Abstract

ABSTRACTCommunity health workers (CHWs) affiliated with community-based organisations are central to the implementation of primary health care in district health services in South Africa. Here, we explore factors that affect the provision of and access to care in two provinces – Gauteng and Eastern Cape. Drawing on narratives of care recipients and the CHWs who support them, we illustrate the complex issues surrounding health maintenance and primary care outreach in poor communities, and describe how the intimate interactions between providers and recipients work to build trust. In the study we report here, householders in Gauteng Province had poor access to health care and other services, complicating the impoverished circumstances of their everyday lives. The limited resources available to CHWs hindered their ability to meet householders’ needs and for householders to benefit from existing services. CHWs in the Eastern Cape were better able to address the needs of poor householders because of the organisational support available to them.
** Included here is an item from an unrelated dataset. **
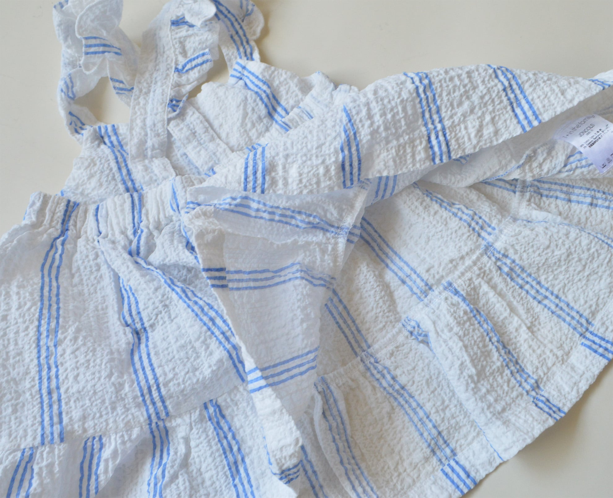 凹凸のあるコットン生地(サッカー調の生地)のワンピース。

Based on an ethos of integrated and holistic care, this enabled the CHWs to address the recipients’ context-related needs, and health and medical needs, while building greater levels of trust with their clients.

Highlights

  • The persistence of health inequities in low and middle income countries has been a strong driver for changes in health systems and in mechanisms for the provision of health care

  • While difficulties in ensuring synergies and collaboration have continued at national policy levels, primary health care (PHC) has been emphasised as central to achieving better health outcomes

  • In the delivery of PHC, community health workers (CHWs) are commonly identified as critical because of their capacity to work closely with vulnerable communities and individuals, and to address problems arising from limitations in the number of trained health workers able to work at this level (Christopher, Le May, Lewin, & Ross, 2011; Maes & Kalofonos, 2013)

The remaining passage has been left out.